In partnering with other research experts such as NASA to acquire ground validation and vegetation data as part of this flight campaign, NEON will further refine its protocols, begin establishing baseline vegetation information for the NEON sites in this domain, and acquire a combined field and airborne data set suitable for developing regional-to-continental scaling methodologies Activities during this particular mission included: (1) identification and characterization of ground sites for radiometric calibration, (2) use of a field spectrometer to provide ground truth radiometric calibration data, and (3) identification and mapping of plant species and tree stands using the field spectrometer. The ground-based measurements collected by the NEON AOP team can be used to calibrate the campaign data. The two data sets may also help NEON understand how different vegetation properties may be derived from remotely sensed data. A proposed flight campaign with the NASA Airborne Visible/Infrared Imaging Spectrometer (AVIRIS) flying at high altitude would obtain further data over California during the next few years. The campaign data would be used to demonstrate the utility of HyspIRI data and to begin developing geophysical science tools suitable for use by NEON, HyspIRI and other scientists over a broad range of ecosystems.

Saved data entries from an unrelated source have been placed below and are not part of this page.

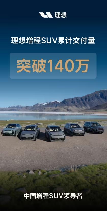 理想增程累计交付破 140 万! 理想L6累计交付破33万,2024年4月开启交付至今,中大型SUV销量冠军; 理想L7累计交付破33万,2023年3月开启交付至今,30万以上增程五座SUV销量冠军; 理想L8累计交付破25万,2022 年11月开启交付至今,30-40万六座车型销量冠军; 理想L9累计交付破28万,2022年8月开启交付至今,全尺寸SUV销量冠军; 理想ONE累计交付破20万,2021年中大型SUV 销量冠军。 理想主要还是靠增程发力,尤其是L6,纯电的表现还需再看。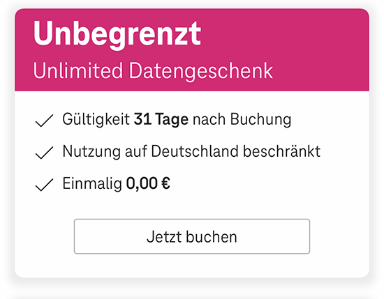 Der Juli begann ein wenig überraschend ohne das inzwischen gewohnte Datengeschenk in Höhe von 500 MB kostenlosem Zusatzvolumen für alle Mobilfunkkunden bei der Telekom. Offenbar war man beim Magenta-Konzern davon ausgegangen, dass die Deutsche Fußballnationalmannschaft bei der EM weiter als nur bis ins Achtelfinale kommen würde und man daher sein Datengeschenk auch weiterhin an die erzielten Tore der Mannschaft binden könne. Nun kommt es aber sogar noch besser, denn für die Urlaubszeit stellt die Telekom ihren Mobilfunkkunden nun 31 Tage Datennutzung ohne jede Volumenbegrenzung zur Verfügung. Gebucht werden kann diese ab sofort und noch bis zum 09. August.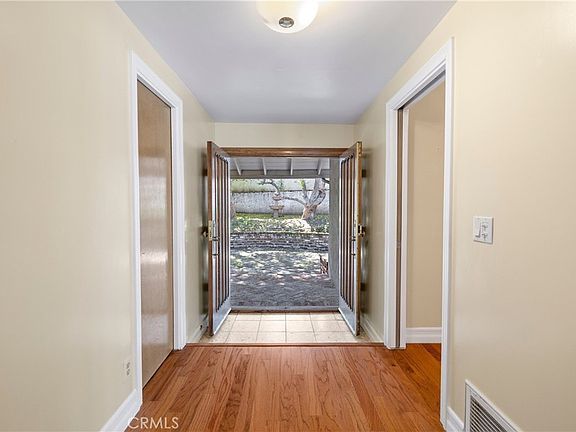 A Yorba Linda beauty! This charming single-story custom-built Ranch-style home offers 2635 sq. ft. of living space, and no HOA! Located in a sought-after neighborhood, the home sits on a beautiful and secluded .44-acre lot. Its professionally landscaped backyard garden is a serene sanctuary with a meandering brick path, and the private driveway leading to the 3-car garage can accommodate parking for an additional 4-6 cars. You walk through the wooden doors into an entry foyer, then into the spacious living room with gorgeous hardwood floors, high beam ceiling, gas-log fireplace and large windows offering both abundant light and a view of the inviting courtyard and gardens. The home features a master suite with plantation shutters and French doors to the patio and garden, 2 additional bedrooms with beautiful beveled glass windows in wood casings, and a hall bathroom. The 4th bedroom is currently set up as an office with a private entrance. The generously sized kitchen features an induction range and lots of storage; one nook with double doors could be converted to a coffee station or smoothie bar! There is a breakfast counter area for sitting, as well as a large dining area for a formal table, and French doors lead outside to the patio with a built-in BBQ. The large family room boasts a 2nd fireplace, and a generous laundry room features a sink and counter, a wall of storage cabinets and a door for patio access. The extra spacious 3-car garage has built-in cabinets and shelves, plus a workbench with multiple drawers. New asphalt shingle roof installed in 2020, New American Standard a/c condenser & compressor installed 2021, new blower motor for furnace installed 2022. The home is near the new YL Town Center with restaurants, shops, and the Public Yorba Linda library. A must-see property that has never been on the market before!

In the near future, NEON expects to fly waveform LiDAR and its own visible/shortwave-infrared imaging spectrometer aboard a Twin Otter plane at low altitude over additional NEON sites to obtain high-resolution data sets. The combination of ground-based spectral data, LiDAR information, and spectroscopic information collected by NEON and NASA remote sensing instruments provides a multi-scale data set ideal for use in addressing data scaling issues critical to the NEON mission of studying the impacts of land use, invasive species and climate change at continental scale.